***** Material for this exercise *****

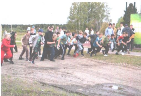
Старт средней группы – учащихся 5-7 классов
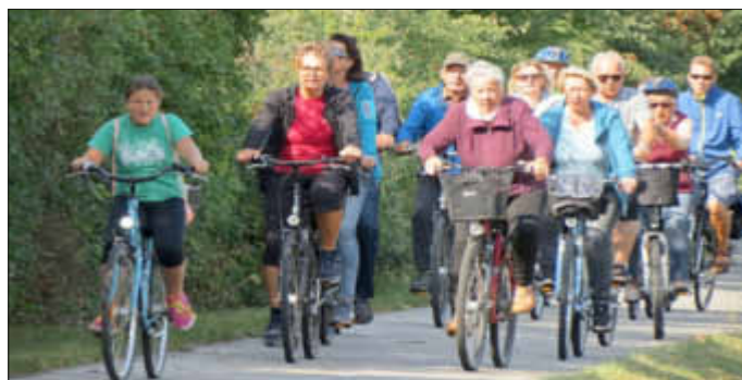
Unterwegs: Das Tempo war angemessen, der Krafteinsatz nicht zu intensiv, und das Zusammengehörigkeitsgefühl groß.
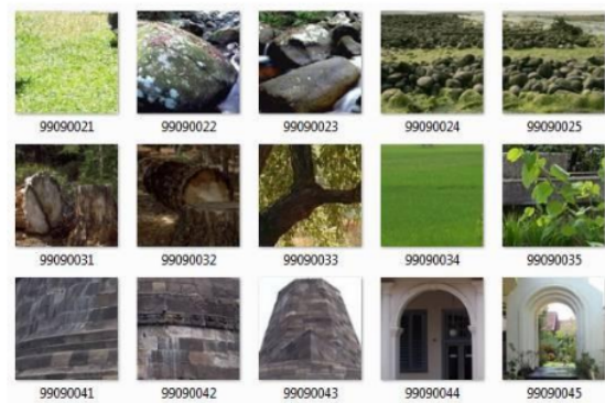
Gambar 6. Penyusunan data sub-citra (v)
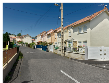
La rue Marcel-Michelin vue depuis le sud-est.
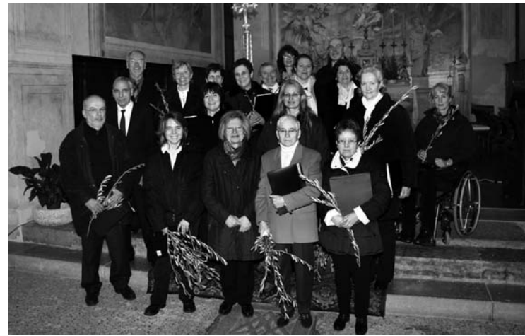
"Amici canto gregoriano"

bontà e ricchezza di questo repertorio, insieme anche alle inevitabili condizioni di limite e di difficoltà, tenendo conto della sua antichità e del suo specifico ethos espressivo.
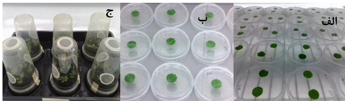
شکل ۱- الف) ارزیابی زیستی انتخابی دوگانه با دیسک برگ. ب) ارزیابی زیستی غیر انتخابی با دیسک برگ. ج) ارزیابی زیستی گیاه کامل.
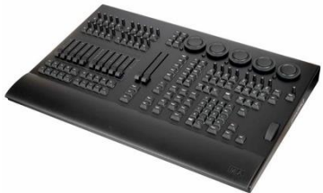
L0004 GrandMA3 Command Wing
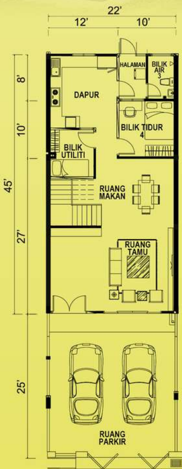
Pelan Tingkat Atas
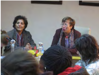
À droite, madame Nouzha Skalli, ministre du Développement social, de la Famille et de la Solidarité, reçoit le groupe d'étudiants.

L e Maroc, ce n'est pas simplement les dromadaires, les souks, les tajines et le sable. Le Maroc, c'est aussi une attention particulière aux moindres détails, un amour du travail bien fait. Ce qui surprend à première vue, c'est la beauté des monuments religieux et anciens. Mais au fond de chaque ruelle, chaque demeure, se trouve un trésor bien enfoui. La forme des portes, la couleur des murs, les gravures, les boiseries, le fer travaillé avec soin.
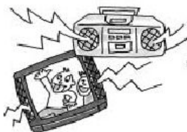
电视机、收音机、CD 播放器所发出的声音
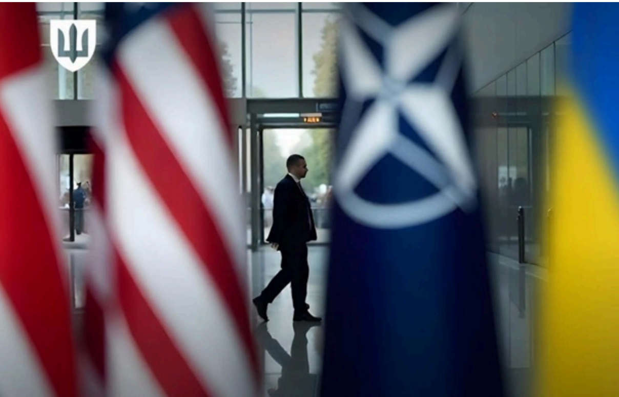
35-те засідання у форматі Рамштайн відбудеться у Брюсселі 18 червня

Засідання у форматі Рамштайн відбудеться 18 червня у штаб-квартирі НАТО в Брюсселі.
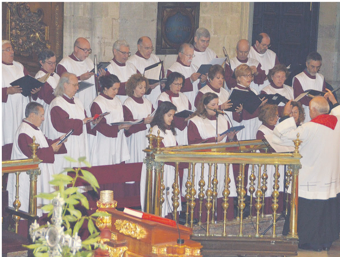
La Schola Cantorum, en la Catedral de Oviedo.
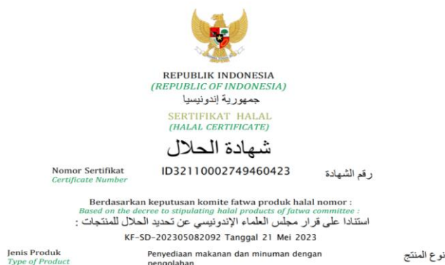
Gambar 11. Terbitnya Sertifikat Halal

Melalui pendampingan intensif, pelaku UMKM dapat lebih siap memenuhi persyaratan sertifikasi halal, yang berujung pada peningkatan kualitas produk. Sertifikasi halal tidak hanya menjamin kepatuhan terhadap syariat Islam, tetapi juga memperkuat daya saing produk di pasar lokal dan global, serta membantu pelaku UMKM memperluas jangkauan pasar dan meningkatkan citra produk. Sertifikasi halal oleh Majelis Ulama Indonesia (MUI) bertujuan untuk melindungi hak-hak konsumen, terutama Muslim, agar mereka dapat mengonsumsi produk yang aman dan sesuai prinsip syariat. Proses ini melibatkan audit ketat oleh berbagai lembaga terkait dan penentuan status halal melalui sidang oleh MUI, yang memastikan semua standar terpenuhi. Dalam konteks produk makanan, kualitas, kesehatan, dan keselamatan harus menjadi perhatian utama. Label halal menjadi indikator kepercayaan bagi konsumen, serta keunggulan kompetitif di pasar. MUI memastikan semua bahan dan proses produksi memenuhi syariat, menjamin produk yang beredar aman dan sesuai dengan nilai-nilai agama. Sertifikasi halal tidak hanya berdampak pada kepercayaan konsumen tetapi juga pada aspek ekonomi, di mana label halal meningkatkan loyalitas konsumen dan membedakan produk di pasar. Di pasar internasional, sertifikasi halal membuka peluang akses ke pasar dengan populasi Muslim yang signifikan, memberikan potensi pertumbuhan pendapatan (Bangun et al., 2024).

*****

For the records above, give the number of lines containing the string "відбудеться" and no other words.

◆ Solution to this problem ◆
2